Cada vez hay más estudios médicos que explican que lo que comemos afecta mucho a nuestra manera de pensar o de cómo nos sentimos anímicamente. Por ejemplo, si comemos muchos azúcares o grasas, nos encontramos mal al final del día; pero si comes más ligero, más verduras, carne, frutas, cambia tu mentalidad.
La cocina se ha convertido en un tema de conversación y de prime time televisivo. ¿Eso es bueno o malo?
Creo que es bueno, pero hasta cierto punto. Me explico, hace veinte años nadie quería ser cocinero. Cuando yo le comenté a mi abuela que iba a abrir un restaurante y dejar mi trabajo en la compañía tecnológica, me dijo que estaba loco. Ahora hay tanto interés por esta profesión que cada año salen miles de chicos y chicas que cocinan, y el comensal también sale más, conoce más y tiene más interés en la gastronomía.

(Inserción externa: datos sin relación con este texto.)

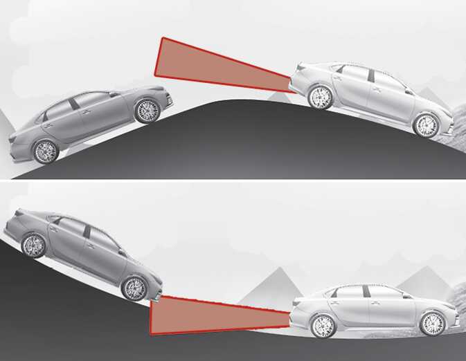 오르막길이나 내리막길에서는 주변 차로의 도로 상황 및 주행 상태를 직접 확인하십시오.

Barcelona, y España en general, se han convertido en un sitio de turismo gastronómico, y eso es muy importante, no sólo para los profesionales, sino también para la economía del país.
Hace unos meses se comunicó el acuerdo al que han llegado La Guía Michelin, TripAdvisor y El Tenedor. ¿Qué le parece esta alianza?
Bueno, entiendo que son negocios y tienen que tirar todos hacia adelante. Del tema de TripAdvisor sé que tienen mucha gente a favor y también en contra, porque hay personas con más criterio que otros. Pero, en principio, creo que cuanto más apoyo haya para el cliente y para el restaurante, es mejor para todos.